_Data excerpt_.
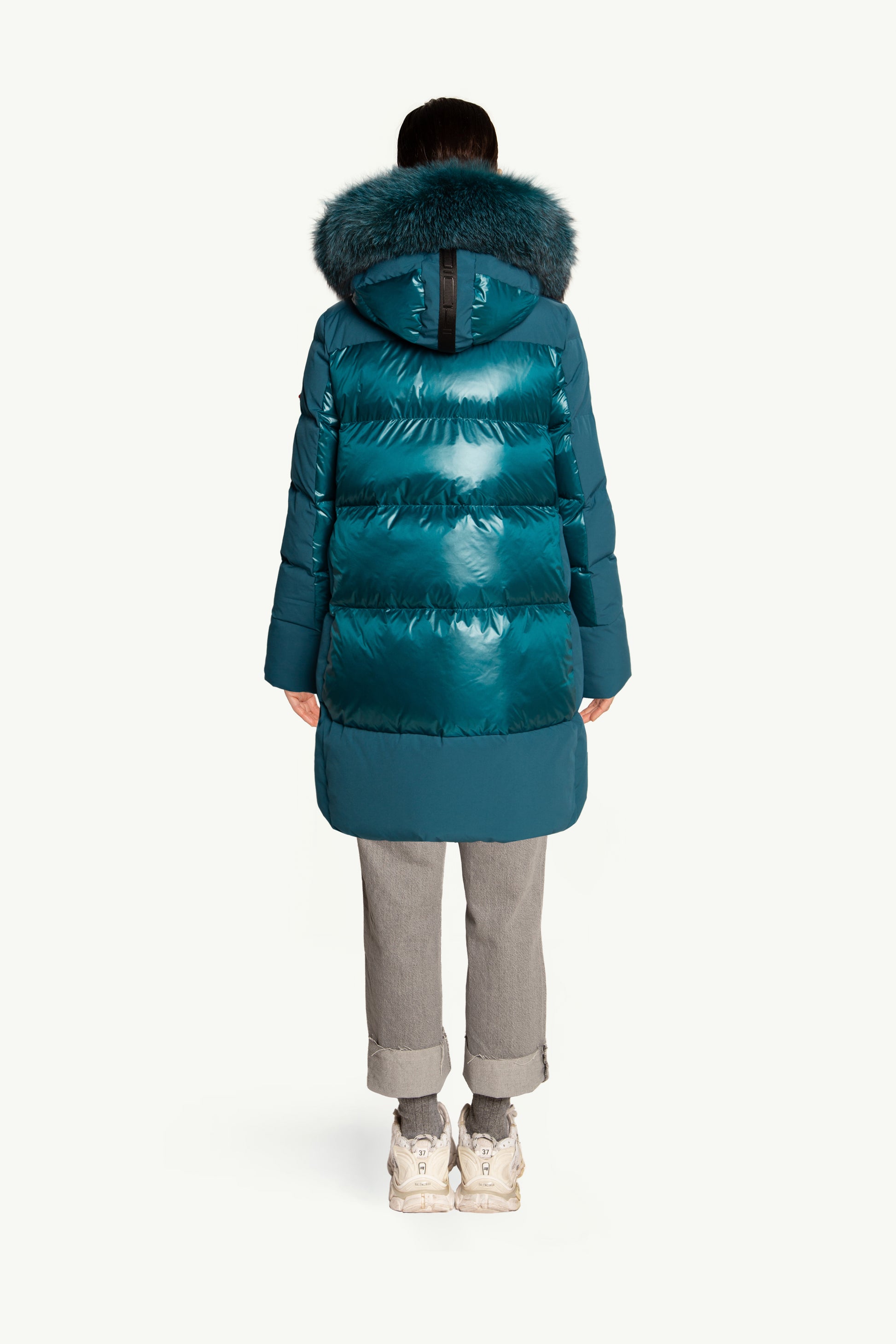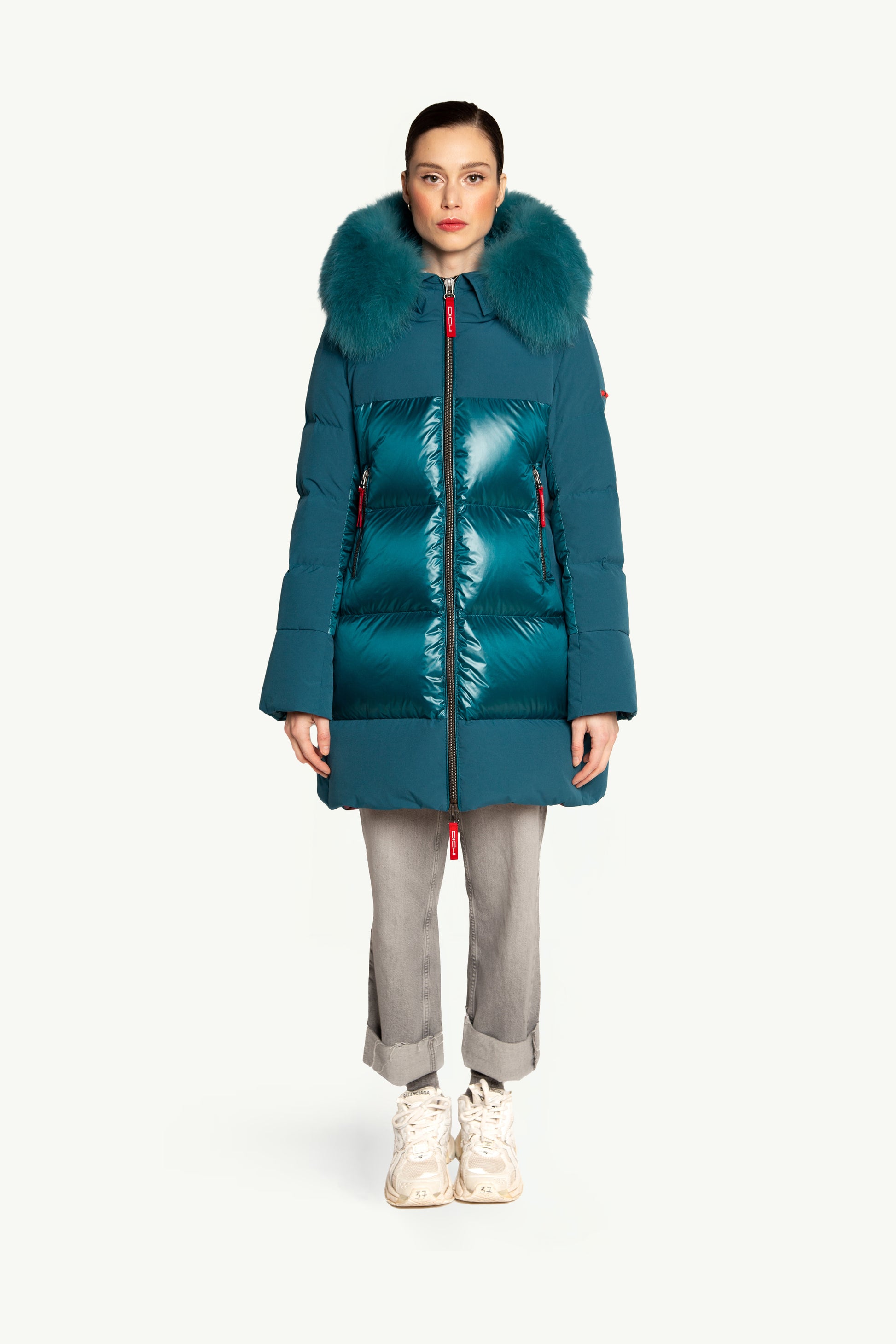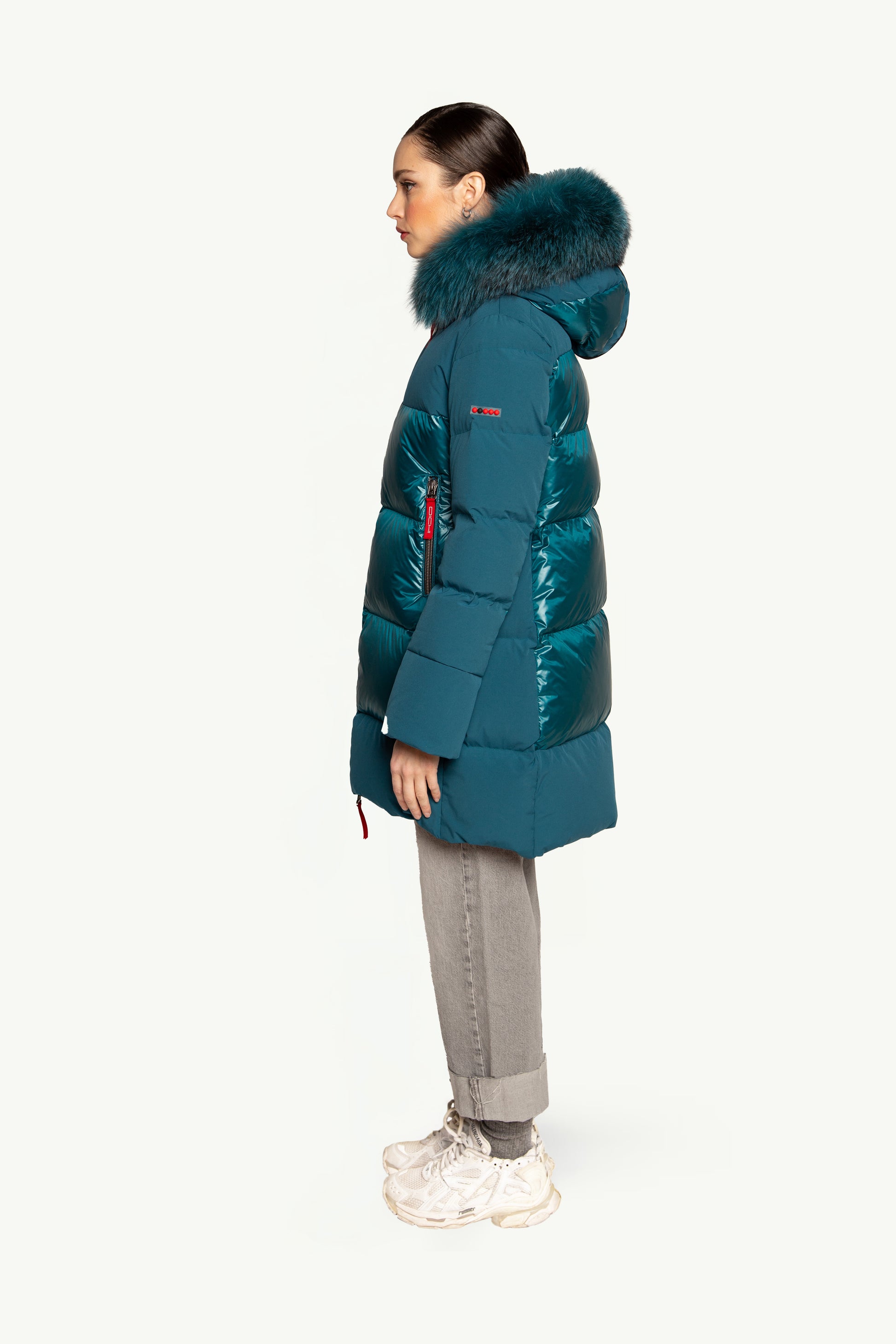 Plumífero STEFFIE con tejido combinado en mate y brillo. Tiene un elegante diseño, con largo por encima de la rodilla. Mangas estilo gabardina. Capucha con un espectacular pelo al tono. Cierre central con cremallera de doble carro.
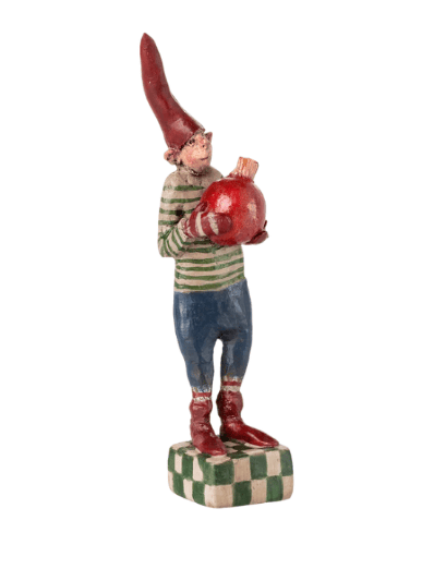 Noilly Noél No 32 med rød julekugle i hånden fra Mailegs 2025 kollektion.
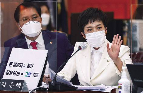 지난 18일과 20일 더불어민주당 대선 후보인 이재명 경기도지사가 출석한 가운데 경기 수원시 경기도청에서 각각 치러졌던 국회 행정안전위원회와 국토교통위원회의 경기도 국정감사에서 대장동 특혜 의혹과 관련한 이 지사와 야당간의 공방은 ‘손팻말’ 싸움으로 특히 눈길을 끌었다. 이 지사(①)가 “돈받은자=범인 장물나눈자=도둑”이라는 문구로 국민의힘을 공격했고, 이에 대해 정의당 대선 후보인 심상정 의원(②)과 국민의힘 박성민(③)·김은혜(④)의원도 손팻말을 들고 나와 이 지사의 책임론을 주장했다. [국회사진기자단]
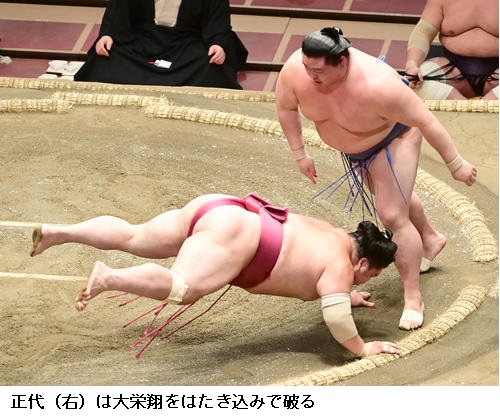 敗れた正代は「立ち合いはすごくよかったと思うが、詰めが課題だ。体もまだ動いているので思い切りいけたらいいかな」と話していました。

_Action item_. All that's required is the material above repeated exactly, minus any picture.

_Reply_.
 Plumífero STEFFIE con tejido combinado en mate y brillo. Tiene un elegante diseño, con largo por encima de la rodilla. Mangas estilo gabardina. Capucha con un espectacular pelo al tono. Cierre central con cremallera de doble carro.
 Noilly Noél No 32 med rød julekugle i hånden fra Mailegs 2025 kollektion.
 지난 18일과 20일 더불어민주당 대선 후보인 이재명 경기도지사가 출석한 가운데 경기 수원시 경기도청에서 각각 치러졌던 국회 행정안전위원회와 국토교통위원회의 경기도 국정감사에서 대장동 특혜 의혹과 관련한 이 지사와 야당간의 공방은 ‘손팻말’ 싸움으로 특히 눈길을 끌었다. 이 지사(①)가 “돈받은자=범인 장물나눈자=도둑”이라는 문구로 국민의힘을 공격했고, 이에 대해 정의당 대선 후보인 심상정 의원(②)과 국민의힘 박성민(③)·김은혜(④)의원도 손팻말을 들고 나와 이 지사의 책임론을 주장했다. [국회사진기자단]
 敗れた正代は「立ち合いはすごくよかったと思うが、詰めが課題だ。体もまだ動いているので思い切りいけたらいいかな」と話していました。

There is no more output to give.